If $f_0 = 3$ and $f_1 = 5$, what are the G's?

the matrix math

This transform can be written as a matrix multiplication.

$$ f_0 \left[ \begin{array}{c} 1 \\ 0 \end{array} \right] + f_1 \left[ \begin{array}{c} 0 \\ 1 \end{array} \right] = \left[ \begin{array}{c} f_0 \\ f_1 \end{array} \right] = G_0 \frac{1}{\sqrt{2}} \left[ \begin{array}{c} 1 \\ 1 \end{array} \right] + G_1 \frac{1}{\sqrt{2}} \left[ \begin{array}{c} 1 \\ -1 \end{array} \right] = \frac{1}{\sqrt{2}} \left[ \begin{array}{cc} 1 & 1 \\ 1 & -1 \end{array} \right] \left[ \begin{array}{c} G_0 \\ G_1 \end{array} \right] $$

Moreover, this orthnormal matrix has the interesting and useful property that its transpose is its inverse. That makes the equation easy to invert.

quick quiz 2

Show that the matrix times its transpose is the identity, and use that to find the G's.

two dimensions

The same idea can be applied to 2D images rather than 1D vectors, by applying the 1D transform to each row and column of the image.

The 2D basis images for N=2 are then the outer products of the 1D basis vectors. From lowest (0,0) to highest (1,1) spatial frequency these basis images are :

quick quiz

For an image $ f = \left[ \begin{array}{cc} 5 & 8 \\ 4 & -1 \end{array} \right]$, what are the correspoding four $G$ coefficients?

N = 8

JPEG image compression uses the same sort of transform but with 8 coefficients, not 2.

The matrix is defined by this formula :

$$ G_u = \sqrt{\frac{2}{N}} \frac{1}{\sqrt{2}} f_0 + \sqrt{\frac{2}{N}} \sum_{x=1}^7 f_x \, cos\left( \frac{\pi}{8} (u + \frac{1}{2}) x \right) $$

See http://en.wikipedia.org/wiki/Discrete_cosine_transform and http://www.whydomath.org/node/wavlets/dct.html for the details. In the wikipedia entry, we're using the JPEG transform which corresponds to the "Some authors further multiply the X0 term by 1/sqrt(2) and multiply the resulting matrix by an overall scale factor of sqrt(2/N)" variation, where their $(k, n)$ indices are my $(u, x)$, and their $(X_k, x_n)$ is my $(G_u, f_x)$.

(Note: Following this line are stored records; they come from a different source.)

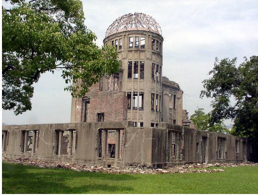
Genbaku Dome(Ayakta kalan tek yapı)
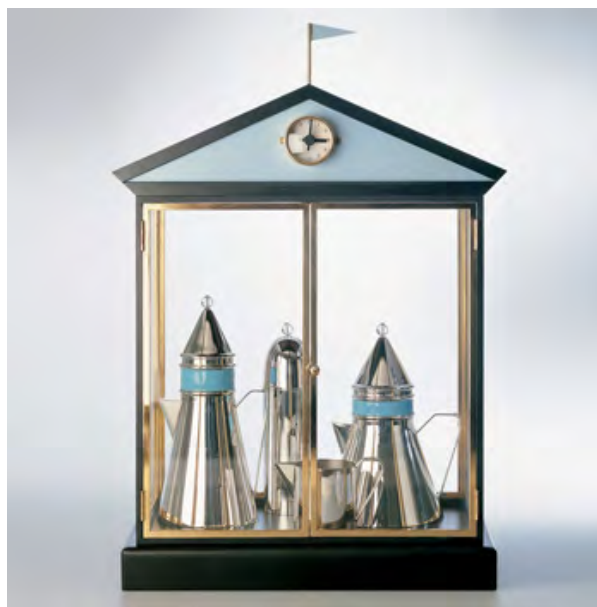
تصویر ۳- رابطه کتری، قوری و سایر وسایل به رابطه یک خانواده تشبیه شده است.

در بعد پنهان علاوه بر نکاتی که هال می گوید - مانند فواصل فرهنگی - روابط ذهنی دیگری نیز وجود دارند که حاصل تفسیر ناظر هستند. اما گاهی خود طراحان نیز این روابط را درک نموده‌اند و آگاه یا ناآگاه این روابط را رمزگذاری کرده‌اند تا مخاطب آن را دریابد. در ادامه پژوهش نمونه‌های بسیار زیادی از وجود رمزگان بعد پنهان شناسایی شد که در ذیل به چند نمونه معتبر آن اشاره می‌شود:
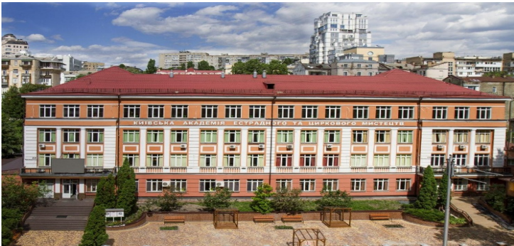
Київська муніципальна академія естрадного та циркового мистецтв

Київська муніципальна академія естрадного та циркового мистецтв, як провідний навчальний заклад у галузі сучасної музичної, сценічної та циркової освіти, відіграє ключову роль у підготовці висококваліфікованих артистів, зокрема вокалістів.

The corresponding eight 1D basis vectors (the matrix rows) oscillate with successively higher spatial frequencies.

Like the N=2 case, the vectors are orthnormal. In other words, their dot products are 0, and each has length 1. Here are a few illustrative products.

This also implies the inverse of this matrix is just its transpose.

playing with a real image

To make all this more concrete, let's apply the 2D DCT transform to part of a real image.

Here's one, takenly randomly from the web.

All three of the R,G,B color values in the greyscale image are the same for each pixel.

Let's just look at values from one tiny 8 x 8 block (which is what's used JPEG compression) near his nose.

(The next images use a false color spectrum to display pixel intensity.)

Now we define the 2D version of the N=8 DCT described above.

The trick is to apply the 1D DCT to every column, and then also apply it to every row, i.e.

$$ G = {DCT} \cdot f \cdot {DCT}^{T} $$

The DCT transform looks like this. Note that most of the intensity is at the top left, in the lowest frequencies.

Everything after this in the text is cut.